I am no where to call myself as specialist in design patterns about adopting micro services architecture or on how to break monoliths into micro-services compared to brilliant minds in the industry. If you are looking for deep dive on micro service architecture and patterns, I would happily redirect you to Sam Newman or Martin Fowler. However having conversations with many of my teams (past/present) and industry peers, I always found interesting patterns in the evolution of the company that dictates the need to move to micro services as the teams / companies grow. This is what I would like to highlight in this article so that teams can focus on the outcomes rather than technology trends.

Pattern 1: Guard rail your risks

When you begin a start-up or SMB journey, probably the application architecture and the teams RACI around it, is very simple. It would be absurd if someone already thinks about design patterns when you want to market at a rapid phase. Probably monoliths fit all the needs but to be honest, I dont really care at that point in time of my company / team’s growth phase. After a couple of years of hyper growth phase, you suddenly realise there are around 40 engineers in the ecosystems all building new features to acquire new customers or retain them or engaging them with tons of new features in your product. You will see patterns where there are lot of dependencies between teams, roles and functions. You spot bugs due to conflicting changes. Deploying features suddenly becomes a high risk / impact and directly proportional to team sizes. The best example I can provide is we developed a serverless ETL framework that overtime became a monolithic giant. The repo was too big, tons of lambda bundled together, huge dependencies between different instances of these ETL components. Anything we touched had a big probability that it will break things. Test specs were too big, longer to run, high risk to deploy. This is where we found moving to a micro service architecture which automatically builds an organic guard rail around the engineering services with clear segregation of duties. The scope, risk and impact becomes clear to the teams and increases efficiency of the engineering teams.

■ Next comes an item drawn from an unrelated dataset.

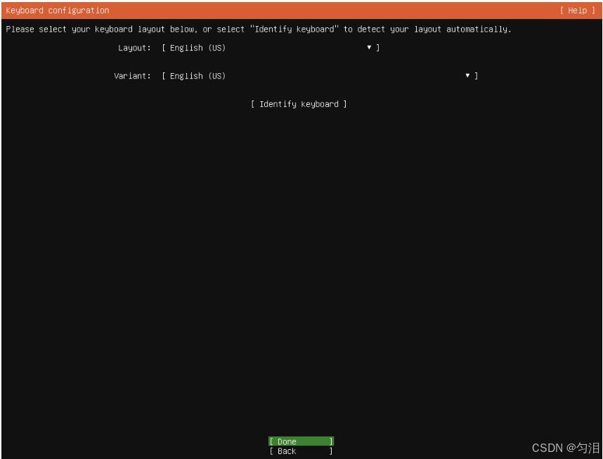 - 选择 "Keyboard layout",默认 "English (US)",按回车;

Pattern 2: Data Complexity

Second pattern is around, the complexity of data landscape. As business grows/scales, data landscape becomes complex. you will see name game / blame game in all companies and usually the last team which provides the data to consumers is in sandwich position. Moving into data domain architectures becomes obvious to create isolation of data. This also created at the same time E2E accountability model for teams rather than centralised data ownership.

Pattern 3: Functional structures

Last trigger comes with evolving organisation structure as you scale your engineering organisation. The adoption of micro-services allows you to give engineers autonomy, creating a more flexible and dynamic working environment. These patterns were natural transitions that created an environment where it made sense to adopt micro-services, and focus on their outcomes rather than technology trends.